Future improvements may include extending the image analysis framework to incorporate color information, three-dimensional imaging, or machine-learning-based feature extraction techniques. Furthermore, integrating the Sedimaging approach with complementary image-based tools, such as particle size analyzers or surface roughness quantification methods, may lead to more comprehensive soil characterization systems. The development of portable Sedimaging devices combined with automated image processing pipelines could further enhance the applicability of the method in field-based and real-time engineering applications.
5. Conclusions
This technical note demonstrates that the sediment index B, derived from grayscale directional analysis using Haar wavelet decomposition, is a robust predictor of the packing and compressibility characteristics of granular soils. These properties are crucial not only for building foundation design but also for broader infrastructure applications, including earth–rock dams. Sediment index B exhibits strong linear correlations with the index void ratios emax and emin, as well as a power-law relationship with the compression index Cc. These results indicate that the sediment index effectively captures the morphological influence of particle shape and provides a practical image-based approach for evaluating granular soil behavior.
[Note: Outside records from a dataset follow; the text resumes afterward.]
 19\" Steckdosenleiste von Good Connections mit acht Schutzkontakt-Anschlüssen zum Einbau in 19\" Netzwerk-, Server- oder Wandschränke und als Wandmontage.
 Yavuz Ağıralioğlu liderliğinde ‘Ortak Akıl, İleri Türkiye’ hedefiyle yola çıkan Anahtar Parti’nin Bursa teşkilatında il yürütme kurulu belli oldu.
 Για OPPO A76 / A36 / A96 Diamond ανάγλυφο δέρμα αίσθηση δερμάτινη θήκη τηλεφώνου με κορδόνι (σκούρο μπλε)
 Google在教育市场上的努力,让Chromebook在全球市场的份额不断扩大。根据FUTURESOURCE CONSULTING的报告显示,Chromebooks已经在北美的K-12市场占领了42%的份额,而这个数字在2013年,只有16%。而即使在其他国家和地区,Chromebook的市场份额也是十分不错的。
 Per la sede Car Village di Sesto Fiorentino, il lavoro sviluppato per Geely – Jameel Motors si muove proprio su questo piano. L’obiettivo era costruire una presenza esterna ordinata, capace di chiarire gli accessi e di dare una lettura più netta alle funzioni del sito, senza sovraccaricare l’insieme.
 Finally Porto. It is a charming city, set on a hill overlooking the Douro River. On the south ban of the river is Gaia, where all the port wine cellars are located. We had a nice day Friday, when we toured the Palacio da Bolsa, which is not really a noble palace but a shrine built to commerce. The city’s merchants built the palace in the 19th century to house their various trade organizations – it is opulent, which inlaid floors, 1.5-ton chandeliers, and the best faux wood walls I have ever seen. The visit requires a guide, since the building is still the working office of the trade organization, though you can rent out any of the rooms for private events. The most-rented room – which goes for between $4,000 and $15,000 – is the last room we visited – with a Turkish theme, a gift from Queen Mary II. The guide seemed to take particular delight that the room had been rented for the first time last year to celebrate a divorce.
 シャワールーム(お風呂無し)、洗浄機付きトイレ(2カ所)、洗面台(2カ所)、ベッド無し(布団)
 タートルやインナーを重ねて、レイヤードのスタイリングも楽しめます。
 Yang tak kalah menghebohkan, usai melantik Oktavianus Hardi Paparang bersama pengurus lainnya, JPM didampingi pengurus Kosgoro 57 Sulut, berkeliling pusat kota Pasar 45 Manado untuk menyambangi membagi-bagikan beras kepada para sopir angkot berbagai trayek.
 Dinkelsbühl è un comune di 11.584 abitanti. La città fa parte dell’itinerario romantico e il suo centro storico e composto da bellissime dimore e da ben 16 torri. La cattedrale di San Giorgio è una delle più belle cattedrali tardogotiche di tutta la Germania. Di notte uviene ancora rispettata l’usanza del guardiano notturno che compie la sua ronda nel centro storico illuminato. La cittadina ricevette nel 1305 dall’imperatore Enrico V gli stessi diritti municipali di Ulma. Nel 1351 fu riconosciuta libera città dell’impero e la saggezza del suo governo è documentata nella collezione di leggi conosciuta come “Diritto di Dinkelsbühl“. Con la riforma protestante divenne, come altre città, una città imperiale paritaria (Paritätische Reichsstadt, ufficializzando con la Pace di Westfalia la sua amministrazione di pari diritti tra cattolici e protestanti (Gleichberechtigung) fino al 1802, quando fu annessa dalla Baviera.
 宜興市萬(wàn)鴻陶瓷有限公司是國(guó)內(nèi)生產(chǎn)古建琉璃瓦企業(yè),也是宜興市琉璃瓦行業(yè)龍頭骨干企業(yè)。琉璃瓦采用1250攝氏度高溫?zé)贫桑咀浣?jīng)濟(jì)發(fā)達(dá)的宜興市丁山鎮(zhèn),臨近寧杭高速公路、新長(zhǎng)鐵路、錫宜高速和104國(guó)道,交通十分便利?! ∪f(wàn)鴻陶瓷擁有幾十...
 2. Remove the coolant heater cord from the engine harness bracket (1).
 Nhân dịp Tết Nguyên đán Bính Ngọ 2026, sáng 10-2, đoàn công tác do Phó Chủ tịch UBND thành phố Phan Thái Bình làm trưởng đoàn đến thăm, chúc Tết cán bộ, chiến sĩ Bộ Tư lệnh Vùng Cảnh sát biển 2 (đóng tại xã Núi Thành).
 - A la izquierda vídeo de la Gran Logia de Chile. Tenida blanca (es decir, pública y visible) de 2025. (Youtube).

The proposed methodology offers several advantages for construction and geotechnical practice. Compared with conventional mechanical testing, the Sedimaging-based approach is faster, non-destructive, and capable of high-throughput soil characterization with minimal laboratory effort. Deriving soil parameters directly from post-settlement imagery enables rapid and cost-effective assessment during early-stage construction planning, site evaluation, and material screening, particularly for building foundations and other infrastructure systems.
Beyond conventional laboratory testing, the proposed technique shows strong potential for integration into intelligent monitoring frameworks for construction sites and large-scale civil engineering projects. For example, Sedimaging can be combined with UAV-based or optical monitoring technologies to support rapid, image-based screening and qualitative evaluation of soil compaction and deformation trends in foundation zones, embankments, and earth–rock dams, where granular material behavior plays a critical role in long-term performance.
Future developments may further enhance the applicability of the Sedimaging method by incorporating three-dimensional imaging, machine learning techniques, and real-time monitoring capabilities for continuous tracking of granular soil behavior during construction. Such advances would support more automated, efficient, and field-adaptable solutions for modern geotechnical engineering and infrastructure management.
At its current stage, the proposed method is intended to complement, rather than replace, conventional laboratory or field testing, serving primarily as a rapid screening and preliminary assessment tool in engineering practice.
In summary, this study demonstrates the feasibility of using image-based analysis to predict key soil properties relevant to building foundation design and infrastructure systems such as earth–rock dams. With its potential for large-scale application, the proposed method can improve the efficiency, cost-effectiveness, and reliability of geotechnical investigations and construction site monitoring, thereby contributing to safer and more sustainable development in both urban and hydraulic engineering environments.